Introduction
Les conteneurs d'initialisation Kubernetes s'exécutent avant les conteneurs d'application principaux dans un Pod. Ils sont idéaux pour les tâches de configuration telles que les migrations de base de données, l'attente de dépendances ou la récupération de configuration. Cependant, de nombreuses équipes traitent les conteneurs d'initialisation comme une réflexion après coup et négligent la planification de capacité. Cela conduit à des échecs de planification des Pods, à des conflits de ressources ou à des temps de démarrage lents. Ce guide explique comment estimer les ressources pour les conteneurs d'initialisation, définir des requêtes et des limites appropriées, et planifier la mise à l'échelle à l'aide d'exemples pratiques et de commandes. En suivant ces étapes, vous éviterez les pièges courants et assurerez une initialisation fiable des Pods en production.

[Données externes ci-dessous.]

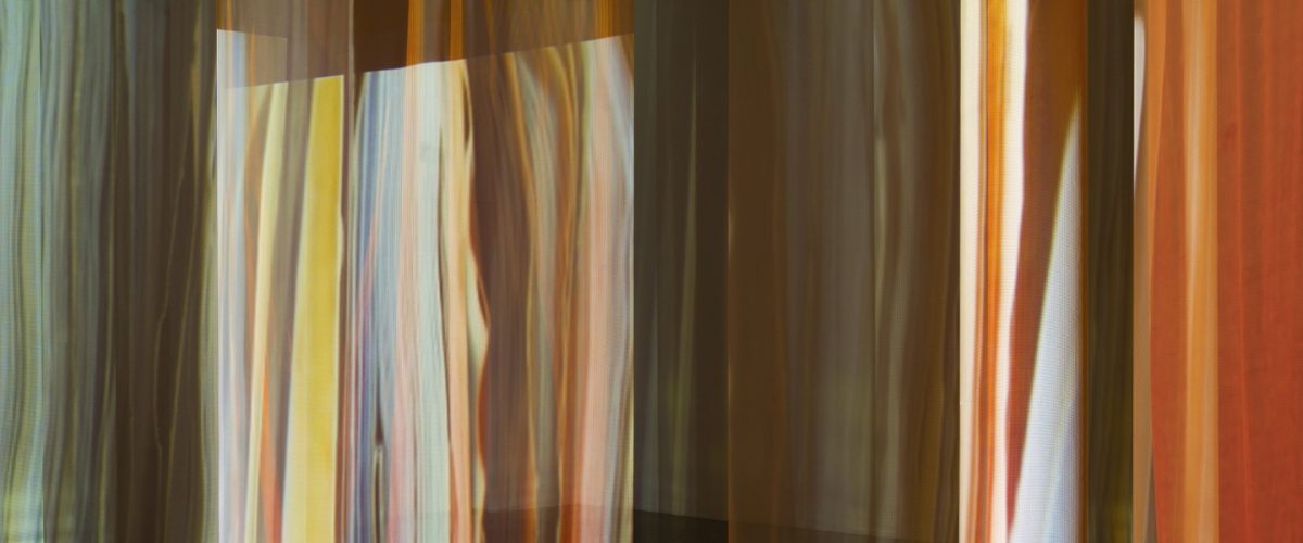 I det siste har jeg jobbet vekselvis med romlige lys/fargeinstallasjoner og to-dimensjonale, tosidige, digitalt trykkede tekstilarbeider.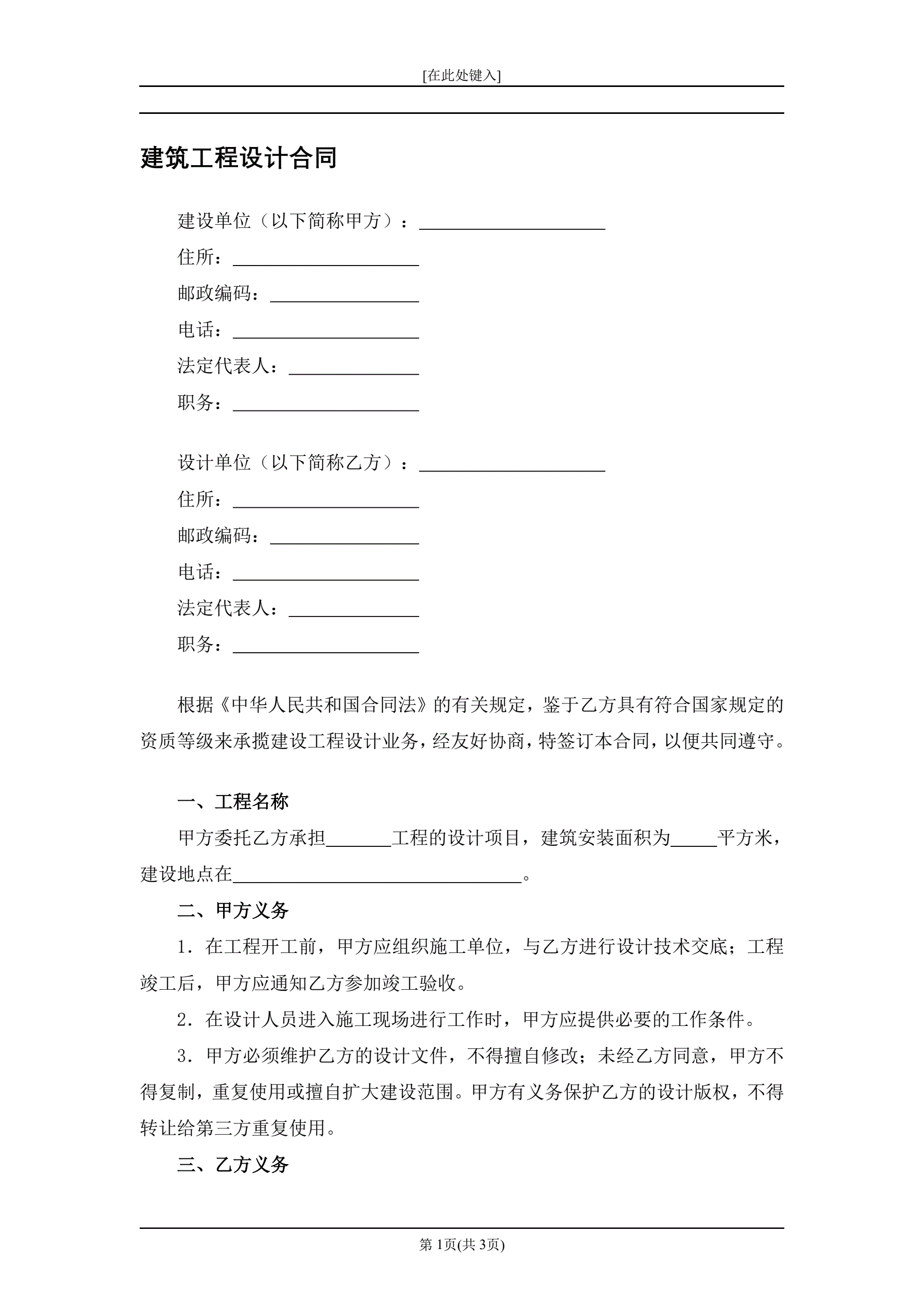 >建筑工程设计合同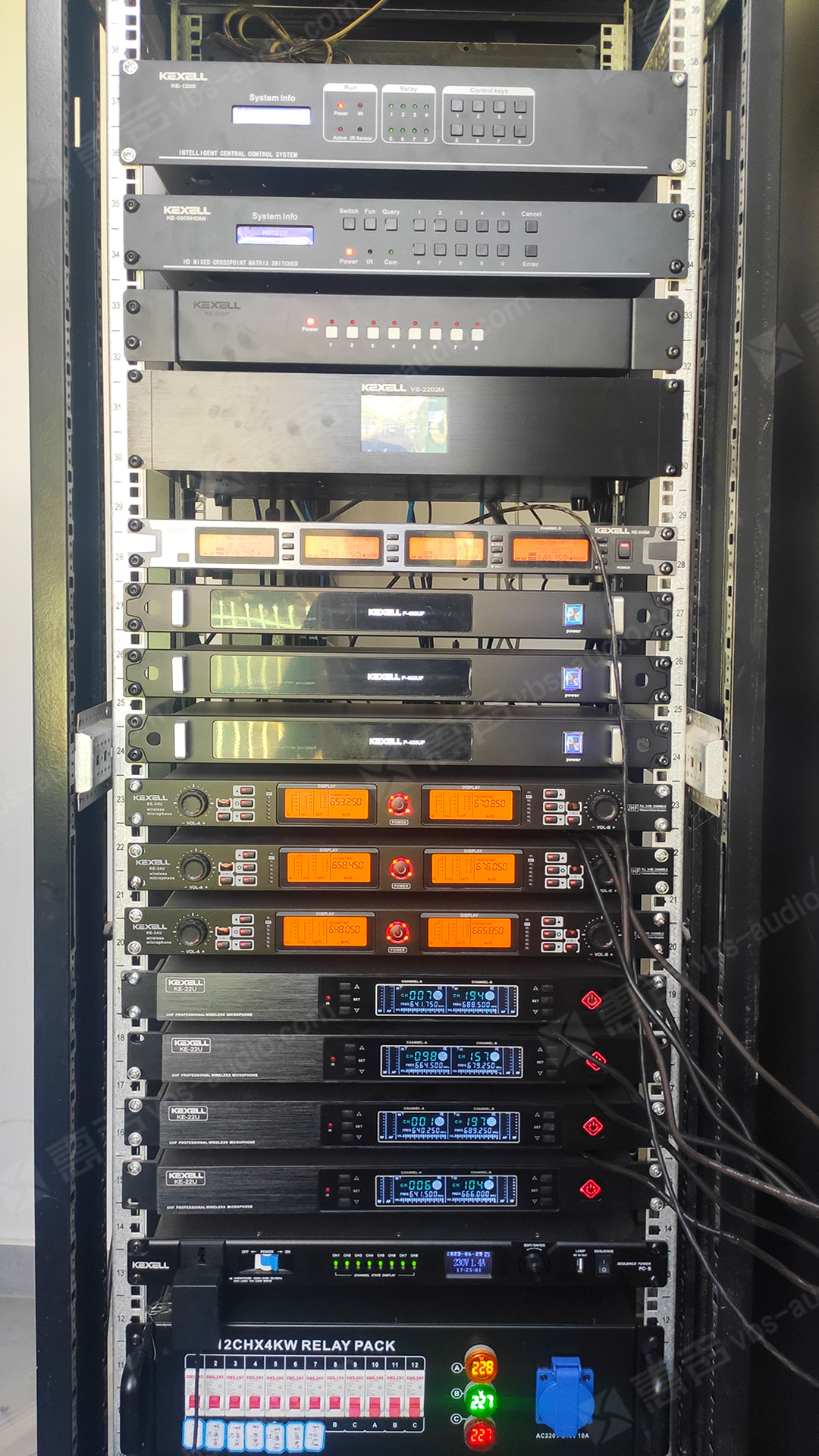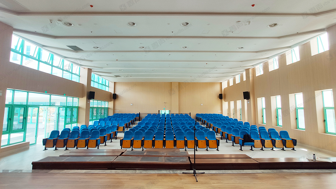 報(bào)告廳采用明裝壁掛式箱體大尺寸單元音箱,優(yōu)雅的美學(xué)設(shè)計(jì),滿足最苛刻的安裝要求,保證聲音輻射范圍全面覆蓋,美觀大方。另外還安排了兩只低音音響烘托氣氛,與舞臺(tái)燈光交相配合。麥克風(fēng)配置了頭戴、領(lǐng)夾、座式、手持四種方式,滿足任何情況下的發(fā)言需要,采用編組調(diào)音臺(tái),多路編組輸出可分出音源供給遠(yuǎn)程視頻會(huì)議、錄播主機(jī)等設(shè)備。實(shí)現(xiàn)音源分類,有效的阻斷回聲。錄播采用多機(jī)位錄制的形式,以主席特寫和觀眾席特寫跟蹤為主,全景為輔。能有效的將學(xué)術(shù)報(bào)告以視頻的形式長久保留下來。

Inventaire des versions et de l'environnement
Avant de modifier les ressources des conteneurs d'initialisation, confirmez la version de votre cluster et sa topologie. Les conteneurs d'initialisation sont stables depuis Kubernetes 1.6, mais les versions ultérieures offrent une meilleure gestion des ressources. Utilisez Kubernetes 1.18 ou plus récent pour ce guide.
Vérifiez la version de votre cluster :
kubectl version --short
Exemple de sortie :
Client Version: v1.24.0
Server Version: v1.24.0
Prérequis :
- Un cluster Kubernetes en cours d'exécution (mono-nœud ou multi-nœuds)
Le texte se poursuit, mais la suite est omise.